Amazon has said such lawsuits are a key part of its anti-fraud efforts, on which it says it spent $700 million last year. The company says it also has robust screening mechanisms for potential sellers, including requiring them to provide government-issued ID and credit card information before they’re allowed to open an account. Only 6% of prospective vendors pass Amazon’s screening protocols, the company said in a report last month. Brands can petition Amazon to remove listings that violate their intellectual property, and Amazon says it uses software to catch suspicious listings before they’re posted, announcing last month it had blocked 10 billion suspect listings, including some for potential counterfeit.
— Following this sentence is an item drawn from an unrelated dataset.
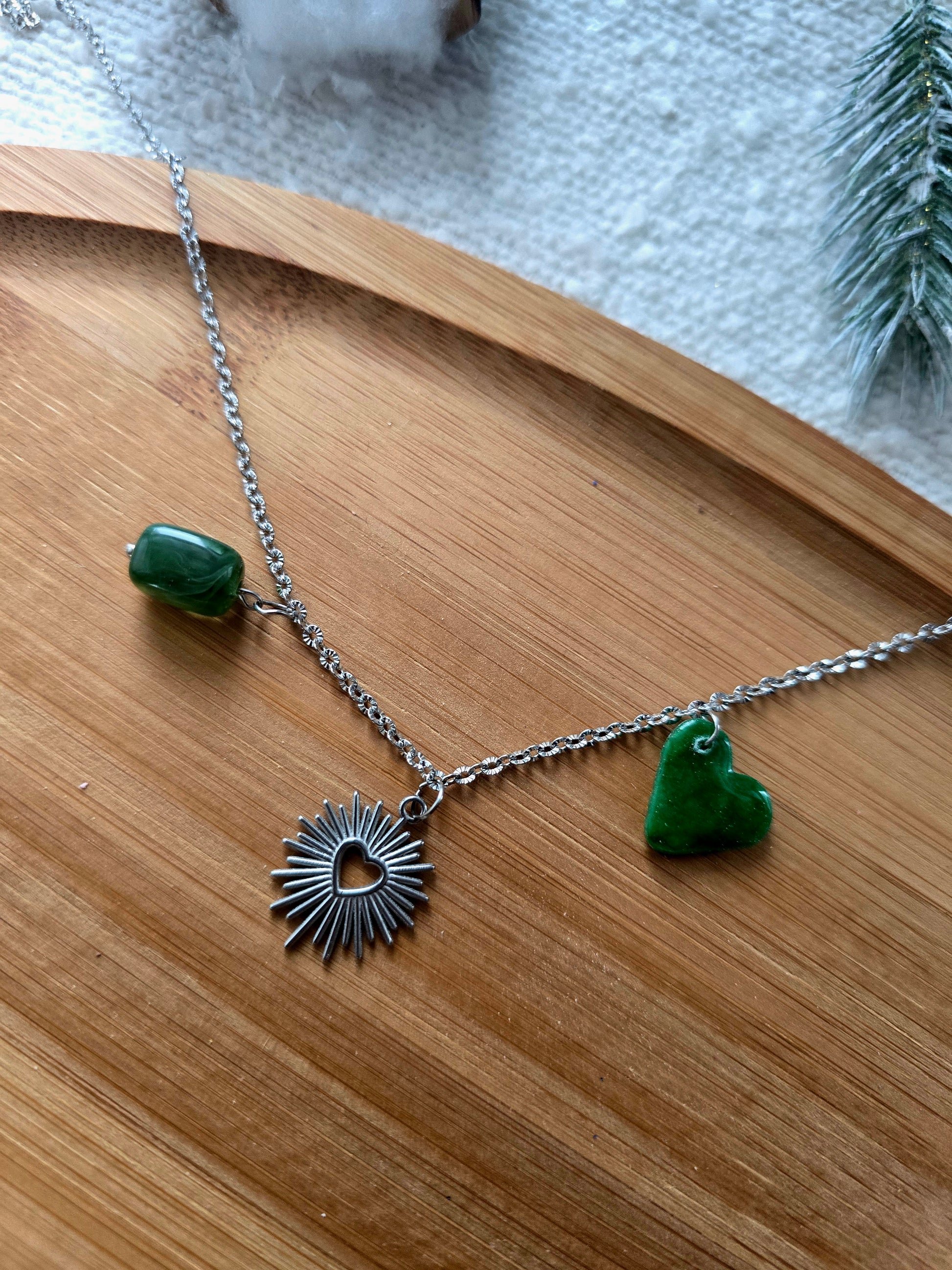 Collier à charms entièrement assemblé à la main, conçu pour être porté seul ou superposé.

But a review of those previously filed lawsuits shows Amazon often has struggled to determine who it is suing when defendants use false or misleading information to register for Amazon Marketplace accounts. That can lead to judgments against anonymous vendors that are difficult to enforce.
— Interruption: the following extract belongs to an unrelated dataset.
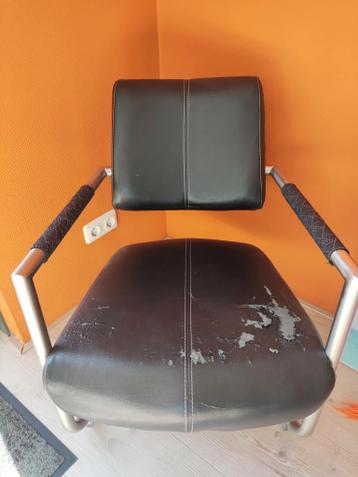Deze zwarte stoel is gratis af te halen. De bekleding laat los, vooral op de zitting. Misschien handig voor iemand die de stoel opnieuw kan bekleden.

Consumer-protection groups long have said Amazon’s supervision of its sprawling third-party marketplace is scattershot. In February, the Environmental Protection Agency ordered Amazon for the third time in three years to stop allowing vendors to sell illegal pesticides. A California appellate court recently ruled Amazon is liable for defective merchandise sold on its platform, a case arising from a 2015 incident in which a hoverboard purchased from a third-party Amazon vendor burst into flames.
Amazon was at the forefront of efforts to defeat the federal anti-counterfeiting measure, called the Inform Consumers Act, The Washington Post reported. The act would have required companies like Amazon that allow third parties to sell merchandise on their websites to authenticate vendors’ identities.
The goal of the measure was to clamp down on the number of counterfeit, unsafe and stolen goods for sale online. Amazon’s lack of identity verification for vendors has enabled rogue merchants to escape detection, lawmakers said. Under the Inform Consumers Act, companies like Amazon could have faced civil penalties for failing to verify their vendors’ identities.
In opposing the measure, Amazon said it favored brick-and-mortar retailers over online sellers by creating onerous verification requirements. The bill also would have required Amazon to post the full names, phone numbers and physical and email addresses of high-volume sellers on product listings, a move Amazon said would have violated sellers’ privacy. The company did not respond to questions about why it chooses to pursue lawsuits against vendors whose identities the company is sometimes unable to confirm.
“The Amazon seller accounts used by Defendants to sell the counterfeit
products either use addresses that do not exist, or the individuals associated with those addresses do not match the names provided by the Defendants,” wrote federal district judge Ricardo Martinez in an order allowing Amazon and the Italian luxury-goods manufacturer to conduct additional discovery to try to learn just who they were suing.
Amazon sellers hawking allegedly counterfeit versions of the card game Dutch Blitz took similar steps to conceal their identities, according to a May 10 petition asking a judge to give Amazon more time to try to find the defendants, who listed a U.S. address on their Amazon account but appear to be “actually located in China.”
In a separate suit, lodged by Amazon and LED light manufacturer Nite Ize, investigators unsuccessfully tried to locate defendants at dozens of dud locations ostensibly linked to their names, including a Minnesota warehouse, a Maryland home and a Canadian town house “constructed of beige brick.”
Amazon has located some defendants, in which cases it has exacted legally binding agreements in which the vendors agree to stop selling counterfeit goods. Amazon and the brands also have recouped some costs.
In cases where defendants stay out of Amazon’s reach, judges can automatically rule in Amazon’s favor. Such rulings, which are common in trademark-violation suits, could come back to haunt defendants if they try to enter the U.S. or engage in other business dealings here, said University of Washington intellectual property professor Zahr Said.
But, she said, it’s unclear whether such judgments do anything to reduce the number of counterfeit goods sold on Amazon. It’s more likely, she said, that Amazon sees the value of such lawsuits in the signal they send to consumers, brands and lawmakers that Amazon takes anti-counterfeit enforcement seriously.
“If Amazon can point to its efforts, however pyrrhic, and say they’re doing everything they can, the likelihood that legislators are going to step in falls,” she said.